On Fri, 2007-11-09 at 13:41 +0100, Bernd Eilers wrote:
> Hi there!
> 
> Kohei Yoshida wrote:
> > On Thu, 2007-11-08 at 16:47 +0100, Bernd Eilers wrote:
> > 
> >> Anyhow you certainly don´t want to break that semi-automatic process to 
> >> generate Release Notes and volunteer to offer to parse a few hundred 
> >> specifications in a few hundred different plain text based formats 
> > 
> > So, is that true that we have a few hundred new features going in to
> > each release?  If that's true, I'd agree for the need of automation but
> > I have my doubt that that is really the case.  Correct me if I'm wrong.
> > 
> 
> Just have a look at 
> http://development.openoffice.org/releases/2.3.0.html to get an 
> impression, these are the actucal release notes for the 2.3.0 user Release.
> 
> And that´s the result of what we currently semi-automatically generated 
> for the 2.0.3 Release by parsing (or not being able to parse) 
> specification documents.
> 
> Note that everywhere where there is a "feature-info:" in the "Spec. 
> abstract" column of the Release Notes the process used a dirty fallback 
> to use information from the feature announcement mail instead of using 
> information from the specification because either a specification was 
> not available at all or was not usable because it was not conform to one 
> of the specification templates. 

I wouldn't call that a "dirty fallback".  It's a very useful fallback
IMO. :-)

> Our aim should IMNHO be to keep those 
> "feature-info:" fallbacks small and use the stuff the specification 
> writers wrote instead.

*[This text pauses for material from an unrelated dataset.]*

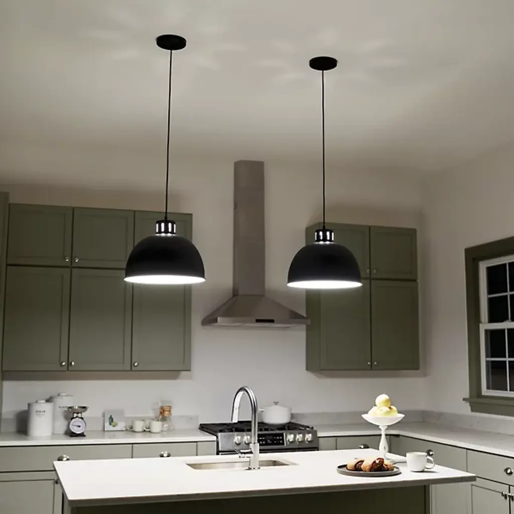 Bring bright light and classic style to your home with the Zailey Pendant by Kichler. A circular canopy sends a thin cord downward to a dome-shaped metal shade. A single incandescent bulb is nestled within the shade, casting a focused downward light perfect for placement above countertops or tables. A white interior enhances its light, creating a welcoming atmosphere while providing a simple and sophisticated visual accent for the room.

Currently that´s the first paragraph of the 
> abstract which will be copied to the Release Notes interim document.
> 
> The generation of the interim document checks which issues have been 
> fixed for all ChildWorkspaces that have been integrated between this 
> Release and the last Release and which corresponding 
> feature-announcements and specifications we have. Keeping track about 
> all that without some kind of automation is kind of hard, don´t you 
> think so?

Sure, I'm all for keeping track of new features.  But I'm against using
a means of public humiliation to make us comply with that requirement.
I believe in entrusting the developers to do the right thing, and if one
of the developers overlook that requirement (maybe he/she was being
swamped with tasks, the feature is not yet complete, etc), you can
always ask that developer privately.  There is usually an explanation
for that.

Of course, I don't know the culture inside Hamburg, so things may be
different on your end.  But I'm just speaking for myself.